Subscription Required. Please recommend JoVE to your librarian.
Representative Results
Multiparameter flowcytometrie is een krachtig hulpmiddel om de fenotypes en functies van celondergroepen ontleden in voorheen uncharacterized weefsels. Analyse van CMC monsters kunnen informatie over zowel lymfocyten en monocyten populatie opleveren met de juiste gating strategieën.
Een representatieve CMC gating strategie, vergeleken met een PBMC profiel, weergegeven in figuur 2. Het FSC-A versus FSC-H plot maakt de uitsluiting van cel doubletten, die veel voorkomen in CMC monsters vergeleken PBMC, ondanks filtratie (Figuur 2A).

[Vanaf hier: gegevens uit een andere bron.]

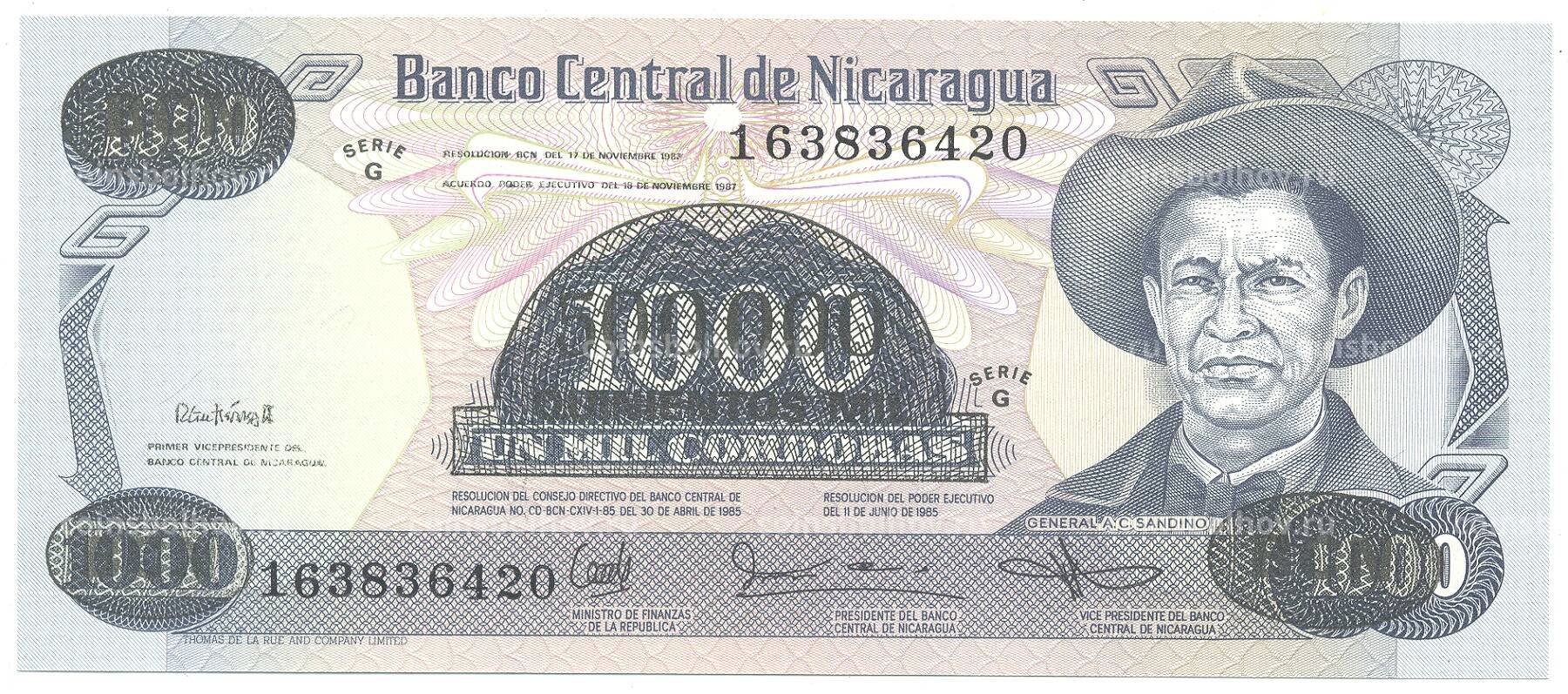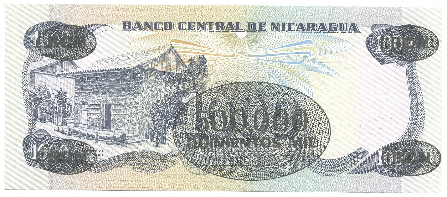 500000 кордоба 1987 года Никарагуа (надпечатка на банкноте 1000 кордоба 1985)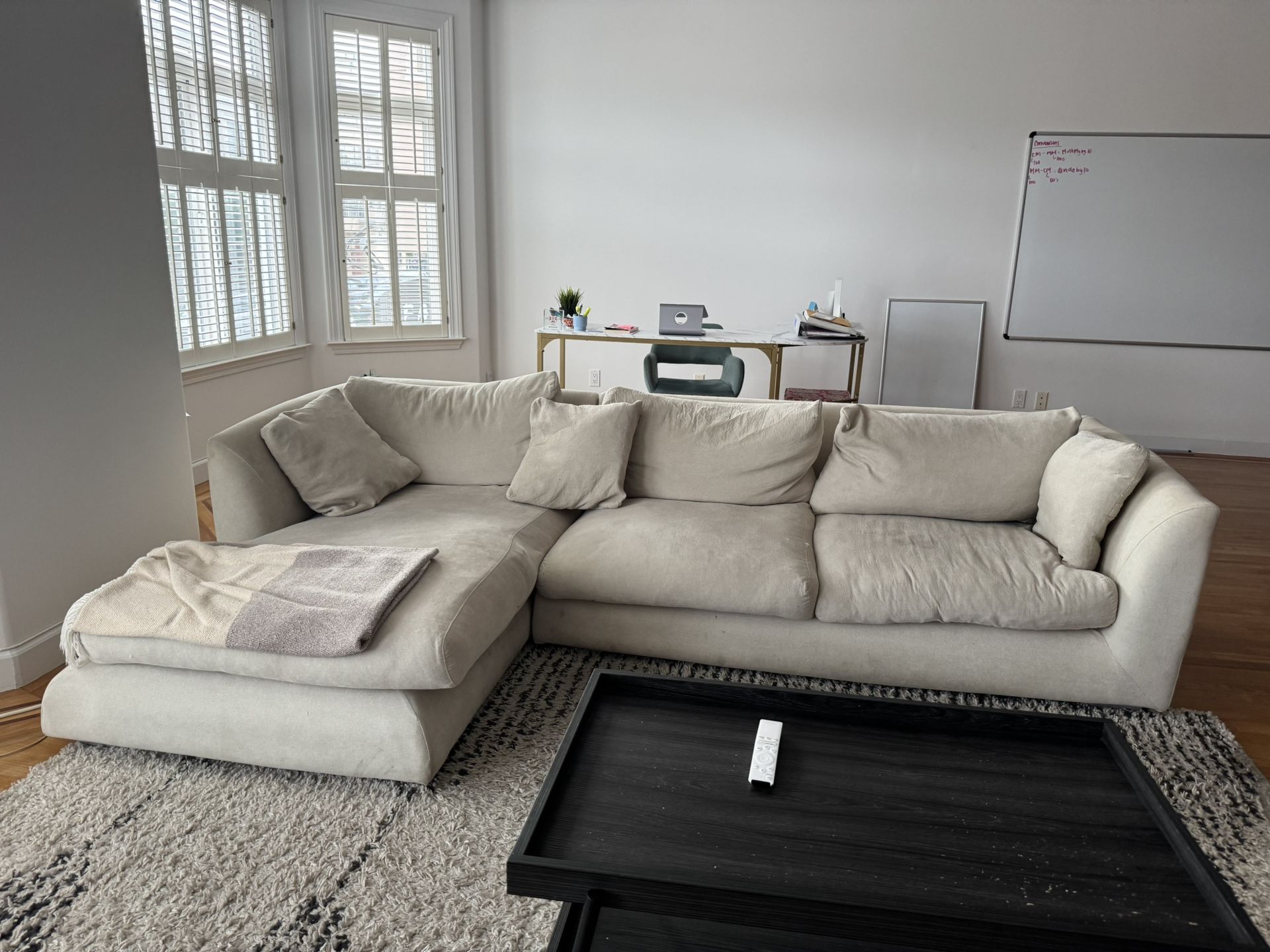 Modern beige L-shaped sectional sofa purchased from Valyou Furniture (originally $2,700). Washable seat and cushion covers. Cozy and soft material. Some wear and tear from over the years.

Kwaliteitscontrole omvat het verwijderen van flow problemen door gating op tijd, waar veranderingen in de stroomsnelheid of artefacten als gevolg van sample klonten gemakkelijk kunnen worden geïdentificeerd (Figuur 2B). Identificatie van de lymfocyten / monocyten populaties relatief vergelijkbaar in beide PBMC en CMC monsters (Figuur 2B). Uitsluiting van dode cellen door levensvatbaarheid kleurstof voorkomt opnamevan apoptotische cellen die niet specifiek zijn opgenomen fluorescent antilichaam conjugaten. Levensvatbaarheid lager in CMC monsters ten opzichte van PBMC, en kan zeer variabel zijn van monster tot monster (Figuur 2B).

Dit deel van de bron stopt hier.